Although she can’t say for sure, Dr. Durkin said it’s possible the new protocol could eliminate some of that bias.

CDC researchers also attribute the new method to an expanded study of early diagnosis among 4-year-olds. In previous years, only a handful of the ADDM Network sites participating in the 8-year-old surveillance project also studied early diagnosis in 4-year-olds.

This year, all 11 sites took part in the early diagnosis analysis, tripling the number of children included in the analysis. That made it possible to include, for the first time, Asian/Pacific Islander children in this analysis.

In the past, ASD prevalence has trended higher in White children, compared with other racial groups. The new data found that ASD prevalence among 4-year-olds was significantly lower in White children (12.9 per 1,000 children) than in Black, Hispanic, or Asian/Pacific Islander children (16.6, 21.1, and 22.7 per 1,000, respectively). Prevalence in American Indian/Alaska Native children was the lowest among all racial groups (11.5 per 1,000).

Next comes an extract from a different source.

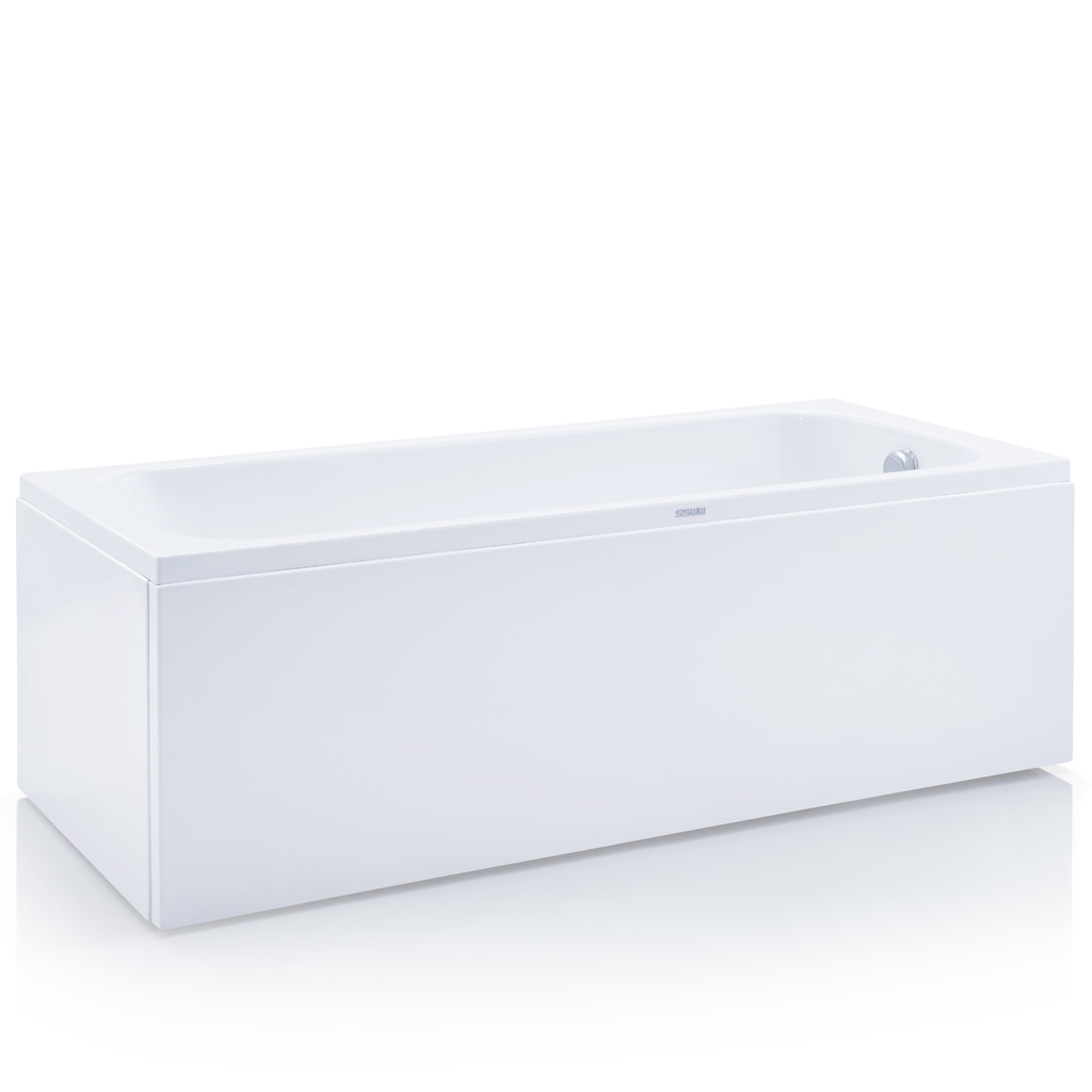 Комплектация: пристенная ванна без гидромассажа, 100% акрил, армированный по всей площади, один фронтальный экран - 100% акрил, усиленное основание с интегрированной рамой, регулируемые ножки, легкосъемное крепление экрана. Дополнительные опции: торцевой экран из акрила и слив-перелив.

It’s the first time researchers have seen this pattern in any ADDM report, Kelly Shaw, PhD, lead author of that study and an epidemiologist with the National Center on Birth Defects and Developmental Disability at the CDC, told this news organization.

These data don’t provide clues about the potential cause of that disparity, Dr. Shaw said. It’s likely an indication of better identification of ASD in those communities, she said, and not a sign of increased incidence of autism among Black, Hispanic, or Asian/Pacific Islander children.

“We don’t have any evidence to suggest or expect that autism would be increasing differentially among groups,” Dr. Shaw said.

The data suggest “we are making some progress but there certainly is still room for improvement,” Dr. Shaw said.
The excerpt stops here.